# Supplied records
***
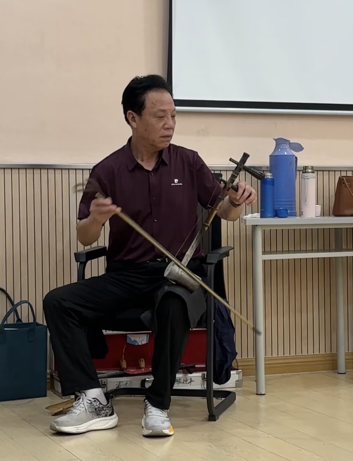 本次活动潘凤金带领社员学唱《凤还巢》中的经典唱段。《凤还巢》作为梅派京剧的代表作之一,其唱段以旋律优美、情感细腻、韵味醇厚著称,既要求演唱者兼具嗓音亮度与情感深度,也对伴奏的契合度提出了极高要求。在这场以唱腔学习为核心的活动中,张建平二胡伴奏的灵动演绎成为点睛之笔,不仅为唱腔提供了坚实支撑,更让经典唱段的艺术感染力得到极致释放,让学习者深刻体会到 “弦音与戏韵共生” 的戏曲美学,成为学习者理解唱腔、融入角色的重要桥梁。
***
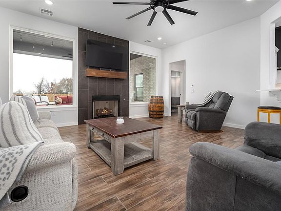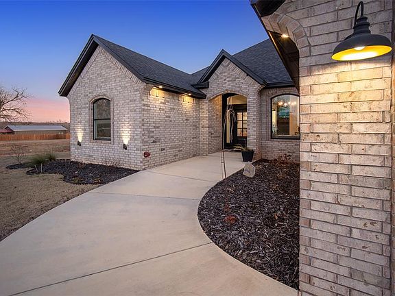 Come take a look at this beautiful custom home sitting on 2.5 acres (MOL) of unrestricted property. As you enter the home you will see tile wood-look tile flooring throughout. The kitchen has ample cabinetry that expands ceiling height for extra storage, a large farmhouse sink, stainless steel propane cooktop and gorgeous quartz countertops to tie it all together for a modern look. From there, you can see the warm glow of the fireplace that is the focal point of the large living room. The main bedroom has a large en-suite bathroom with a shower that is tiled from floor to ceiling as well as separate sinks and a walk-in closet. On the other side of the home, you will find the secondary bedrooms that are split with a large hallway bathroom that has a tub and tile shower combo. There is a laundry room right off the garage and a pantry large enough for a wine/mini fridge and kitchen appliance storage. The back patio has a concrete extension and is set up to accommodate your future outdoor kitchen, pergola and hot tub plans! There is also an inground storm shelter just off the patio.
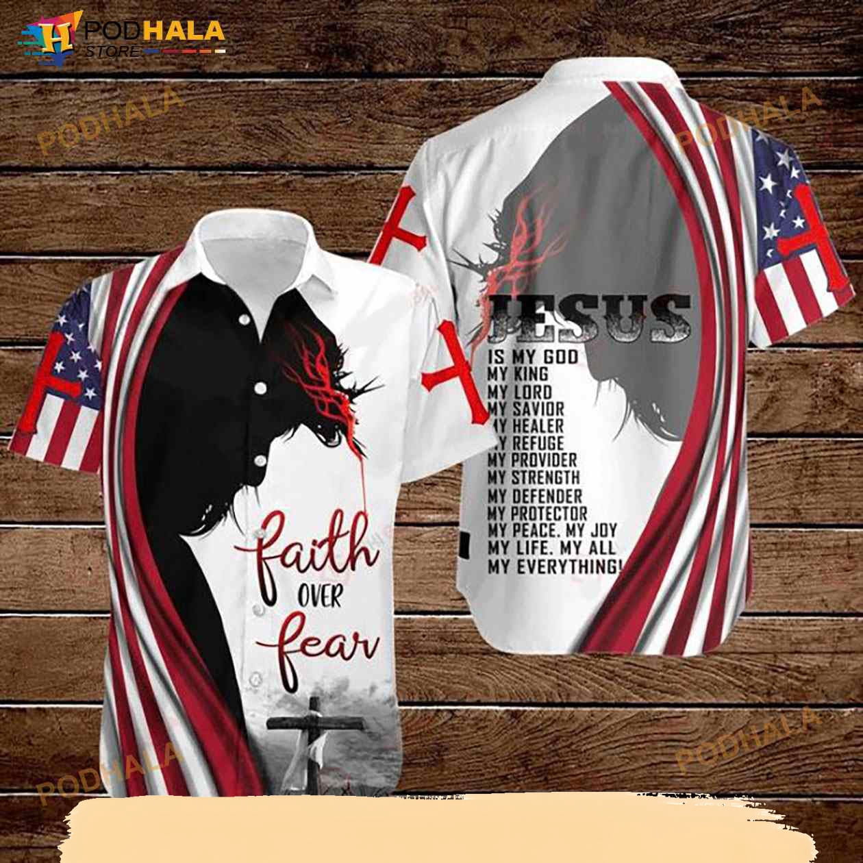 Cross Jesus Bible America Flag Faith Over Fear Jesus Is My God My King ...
***
# What to do
Return exactly the stretch above whose first line contains "Come take a" and whose last line contains "Cross Jesus Bible", and nothing outside it. The pictures should not appear.

# Response below
 Come take a look at this beautiful custom home sitting on 2.5 acres (MOL) of unrestricted property. As you enter the home you will see tile wood-look tile flooring throughout. The kitchen has ample cabinetry that expands ceiling height for extra storage, a large farmhouse sink, stainless steel propane cooktop and gorgeous quartz countertops to tie it all together for a modern look. From there, you can see the warm glow of the fireplace that is the focal point of the large living room. The main bedroom has a large en-suite bathroom with a shower that is tiled from floor to ceiling as well as separate sinks and a walk-in closet. On the other side of the home, you will find the secondary bedrooms that are split with a large hallway bathroom that has a tub and tile shower combo. There is a laundry room right off the garage and a pantry large enough for a wine/mini fridge and kitchen appliance storage. The back patio has a concrete extension and is set up to accommodate your future outdoor kitchen, pergola and hot tub plans! There is also an inground storm shelter just off the patio.
 Cross Jesus Bible America Flag Faith Over Fear Jesus Is My God My King ...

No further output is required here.